Bode is an excellent listener, patient and empathetic, according to those who know her.

Bode said she’s “always wanted to help people,” and thought about being a nurse when younger, but realized that would be difficult with her physical disabilities.

“So I thought I could help people through talking,” Bode said, noting her speech has gone downhill, “But I do the best that I can.”

Her mother, Mary Caruso, said her daughter’s “determination alone can turn someone’s day into a beautiful day.”

Bode, her older brother, Sam Bode, and Caruso have been raising money for years to find a cure for Friedreich’s ataxia. Caruso is a founding member of Friedreich’s Ataxia Research Alliance, or FARA.

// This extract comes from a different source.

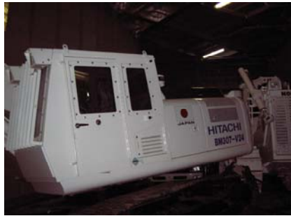
ROROハッチより積込後の地雷処理機本体(2)

The rare recessive genetic disease — caused by a mutation in the FXN gene — has no course of treatment, although research continues. Alex and Sam Bode were diagnosed with FA in different years.

Before Sam Bode was diagnosed in 1995, he was an accomplished athlete, excelling in sports such as basketball, soccer, karate and horseback riding. After he had trouble walking and maintaining balance, Caruso said she knew something was wrong. The disease progressed quickly shortly after diagnosis.

Photo Credit: Peter Hvizdak

Three years after Sam’s diagnosis, Alex was diagnosed with the same disease. “I was so intent on watching Alex because I knew she had a chance of having it. When she was 6½ years old, I brought her to a cardiologist for an echocardiogram and she had cardiomyopathy. That’s how I knew she had it,” Caruso said.